Георгий Голубенко - Рыжий город, или Четыре стороны смеха (сборник)
И еще о двух одесских администраторах я не могу не рассказать.
Одетые в шикарные фраки, отец и сын Монастырские, прожившие три года в США, сидели за столом в роскошном ресторане-казино «Тадж-Махал», имея под столом солидный кейс, туго набитый стодолларовыми купюрами собственного изготовления. Они смотрели на дверь, куда только что вошли несколько полицейских и сейчас медленно направлялись к ним.
– Папа! – сказал Монастырский-сын, пододвигая ногой кейс к стулу Монастырского-папы. – Согласись, что мне сейчас садиться в тюрьму очень глупо. Я человек молодой, полный сил. Мне сейчас только гулять и гулять. А ты уже пожилой. Здоровье твое подорвано, так что можешь и посидеть…
– Э-э нет! – сказал Монастырский-папа, придвигая ногой кейс к стулу сына. – Я уже свое отсидел. Еще в Союзе. Теперь твоя очередь!..
– Ну что ты сравниваешь, папа! – не согласился сын, двигая кейс к ногам папы. – Советская тюрьма – и американская!.. Ну что ты там видел, в советской, кроме беспредела и голодухи?! А здесь у тебя будет трехразовое питание, телевизор.

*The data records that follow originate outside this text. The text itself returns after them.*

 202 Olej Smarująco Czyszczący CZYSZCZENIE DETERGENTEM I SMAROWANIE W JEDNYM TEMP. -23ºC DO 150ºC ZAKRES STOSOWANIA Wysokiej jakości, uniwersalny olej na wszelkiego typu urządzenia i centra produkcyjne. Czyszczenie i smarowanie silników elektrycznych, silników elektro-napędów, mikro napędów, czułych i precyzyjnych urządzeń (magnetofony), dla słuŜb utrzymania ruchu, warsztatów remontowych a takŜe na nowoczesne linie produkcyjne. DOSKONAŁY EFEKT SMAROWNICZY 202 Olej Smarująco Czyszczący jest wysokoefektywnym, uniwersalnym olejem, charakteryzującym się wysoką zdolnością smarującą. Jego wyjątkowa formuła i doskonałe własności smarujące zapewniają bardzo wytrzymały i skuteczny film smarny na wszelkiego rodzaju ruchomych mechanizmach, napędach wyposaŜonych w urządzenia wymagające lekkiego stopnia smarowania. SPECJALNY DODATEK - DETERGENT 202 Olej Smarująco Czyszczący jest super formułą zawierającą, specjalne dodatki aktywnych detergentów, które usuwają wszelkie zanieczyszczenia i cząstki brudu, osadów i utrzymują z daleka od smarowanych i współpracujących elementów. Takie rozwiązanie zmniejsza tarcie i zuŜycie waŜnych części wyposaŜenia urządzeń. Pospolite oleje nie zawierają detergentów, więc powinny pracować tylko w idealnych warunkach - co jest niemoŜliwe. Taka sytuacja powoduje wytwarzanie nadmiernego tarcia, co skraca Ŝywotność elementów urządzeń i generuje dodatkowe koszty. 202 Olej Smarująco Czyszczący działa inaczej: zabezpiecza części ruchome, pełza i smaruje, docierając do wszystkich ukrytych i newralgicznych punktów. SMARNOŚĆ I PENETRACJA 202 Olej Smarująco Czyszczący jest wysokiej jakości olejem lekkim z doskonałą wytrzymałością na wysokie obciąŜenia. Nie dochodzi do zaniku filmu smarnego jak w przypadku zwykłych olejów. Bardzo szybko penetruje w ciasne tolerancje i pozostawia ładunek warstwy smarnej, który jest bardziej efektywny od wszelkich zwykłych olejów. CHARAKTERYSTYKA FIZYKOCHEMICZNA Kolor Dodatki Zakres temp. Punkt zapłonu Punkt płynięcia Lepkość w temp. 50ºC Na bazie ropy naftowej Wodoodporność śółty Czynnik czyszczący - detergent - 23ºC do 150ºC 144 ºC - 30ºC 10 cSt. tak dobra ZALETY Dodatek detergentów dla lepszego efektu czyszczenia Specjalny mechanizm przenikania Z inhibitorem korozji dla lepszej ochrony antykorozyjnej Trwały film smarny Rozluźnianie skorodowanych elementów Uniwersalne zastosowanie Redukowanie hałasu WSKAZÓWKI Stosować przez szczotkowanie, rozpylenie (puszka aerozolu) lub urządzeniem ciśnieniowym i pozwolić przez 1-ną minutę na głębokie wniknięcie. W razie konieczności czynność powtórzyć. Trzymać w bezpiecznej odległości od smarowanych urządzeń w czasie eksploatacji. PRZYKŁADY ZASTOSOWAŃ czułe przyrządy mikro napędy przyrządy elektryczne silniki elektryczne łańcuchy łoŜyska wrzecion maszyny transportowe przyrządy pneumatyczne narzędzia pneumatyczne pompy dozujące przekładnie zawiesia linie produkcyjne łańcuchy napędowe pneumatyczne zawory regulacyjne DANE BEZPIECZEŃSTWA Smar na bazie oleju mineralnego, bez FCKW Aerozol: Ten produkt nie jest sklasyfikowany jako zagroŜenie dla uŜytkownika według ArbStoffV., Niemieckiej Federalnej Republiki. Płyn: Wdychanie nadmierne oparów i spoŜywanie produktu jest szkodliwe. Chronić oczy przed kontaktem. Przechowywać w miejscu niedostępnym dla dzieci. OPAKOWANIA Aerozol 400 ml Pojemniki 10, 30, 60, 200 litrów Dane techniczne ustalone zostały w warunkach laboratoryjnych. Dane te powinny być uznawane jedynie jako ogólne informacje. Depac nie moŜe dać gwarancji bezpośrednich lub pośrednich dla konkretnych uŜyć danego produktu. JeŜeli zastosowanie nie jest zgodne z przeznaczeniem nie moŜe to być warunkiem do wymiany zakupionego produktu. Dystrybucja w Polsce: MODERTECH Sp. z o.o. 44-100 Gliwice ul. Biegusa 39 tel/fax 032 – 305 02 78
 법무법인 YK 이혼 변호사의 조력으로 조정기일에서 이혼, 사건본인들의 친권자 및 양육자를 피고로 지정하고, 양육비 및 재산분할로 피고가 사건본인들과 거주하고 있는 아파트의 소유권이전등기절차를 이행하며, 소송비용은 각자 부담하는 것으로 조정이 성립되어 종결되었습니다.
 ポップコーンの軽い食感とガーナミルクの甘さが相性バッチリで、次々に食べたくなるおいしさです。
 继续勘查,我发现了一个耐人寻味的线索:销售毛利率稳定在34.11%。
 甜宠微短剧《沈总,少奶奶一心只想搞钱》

Из своей камеры ты сможешь свободно связываться по телефону с любой точкой земного шара!
– Знаешь что?! – возмутился Монастырский-папа, отфутболивая кейс сыну. – Давай лучше ты будешь связываться из своей камеры по телефону с этими точками. А я в это время буду в них находиться…
– Но папа! – не сдавался сын, подталкивая кейс к родителю. – В конце концов, это была твоя идея – ехать в Америку и делать здесь деньги!

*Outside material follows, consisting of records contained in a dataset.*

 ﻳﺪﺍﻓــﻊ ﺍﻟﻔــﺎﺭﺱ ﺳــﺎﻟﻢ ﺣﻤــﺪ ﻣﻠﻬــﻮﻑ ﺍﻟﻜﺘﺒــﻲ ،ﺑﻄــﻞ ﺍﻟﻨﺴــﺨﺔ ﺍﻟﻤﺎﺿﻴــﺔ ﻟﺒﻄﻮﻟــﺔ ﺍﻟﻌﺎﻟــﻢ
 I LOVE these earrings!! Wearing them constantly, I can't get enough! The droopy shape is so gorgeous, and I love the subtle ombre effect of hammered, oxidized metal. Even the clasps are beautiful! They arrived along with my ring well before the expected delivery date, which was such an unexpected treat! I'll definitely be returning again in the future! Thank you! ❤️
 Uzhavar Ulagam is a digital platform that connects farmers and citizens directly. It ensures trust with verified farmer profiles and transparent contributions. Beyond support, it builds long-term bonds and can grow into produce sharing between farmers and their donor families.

– Моя, – согласился папа, точным ударом ноги отправляя кейс обратно. – Но я же не думал, что ты будешь осуществлять эту благородную идею таким буквальным образом!.. И вообще – подумаешь, тюрьма! Неужели из-за такой ерунды мы поссоримся?..
Тут подошли полицейские, а потом был суд, и в конце концов Монастырский-сын и Монастырский-папа сели в тюрьму вместе. Но зато сохранили отношения…

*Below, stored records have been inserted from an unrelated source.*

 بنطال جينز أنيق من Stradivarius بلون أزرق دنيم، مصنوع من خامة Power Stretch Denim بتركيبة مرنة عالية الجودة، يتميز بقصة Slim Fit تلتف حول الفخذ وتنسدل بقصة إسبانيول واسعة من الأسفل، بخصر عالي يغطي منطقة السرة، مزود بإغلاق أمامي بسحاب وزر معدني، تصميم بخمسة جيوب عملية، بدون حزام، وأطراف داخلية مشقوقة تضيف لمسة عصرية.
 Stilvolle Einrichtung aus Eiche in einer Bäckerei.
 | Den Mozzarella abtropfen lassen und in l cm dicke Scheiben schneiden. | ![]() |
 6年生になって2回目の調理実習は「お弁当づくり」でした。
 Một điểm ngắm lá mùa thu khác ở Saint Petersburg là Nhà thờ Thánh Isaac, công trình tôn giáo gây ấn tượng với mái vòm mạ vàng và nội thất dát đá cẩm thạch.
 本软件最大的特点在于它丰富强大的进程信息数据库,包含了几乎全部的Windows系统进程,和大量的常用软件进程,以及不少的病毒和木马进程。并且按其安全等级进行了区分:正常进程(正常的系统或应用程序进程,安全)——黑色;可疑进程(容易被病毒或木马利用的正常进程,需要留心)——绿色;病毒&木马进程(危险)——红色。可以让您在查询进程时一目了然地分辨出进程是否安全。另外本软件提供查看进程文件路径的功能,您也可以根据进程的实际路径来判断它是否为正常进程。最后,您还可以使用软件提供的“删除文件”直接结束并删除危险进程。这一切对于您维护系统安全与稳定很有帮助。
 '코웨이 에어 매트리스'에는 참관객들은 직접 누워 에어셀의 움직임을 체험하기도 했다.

Только не подумайте, что старые одесские администраторы больше всего на свете любили деньги. Это неправда. Больше всего на свете они любили артистов. Им они были готовы отдать все свои силы, всю свою душу. А иногда даже деньги. Хотя, конечно, не все…
Отъезд коммуниста
Давным-давно, когда никто в Одессе еще и не слышал про эту самую заграницу, а у некоторых еще даже не было вызова, Боря Брант, скромный закройщик одесского ателье «Счастье», сел однажды утром и написал сразу два заявления. Первое – в партком, с просьбой принять его в ряды Коммунистической партии Советского Союза, а второе – в дирекцию, с просьбой уволить его с работы в связи с отъездом на постоянное место жительства в государство Израиль.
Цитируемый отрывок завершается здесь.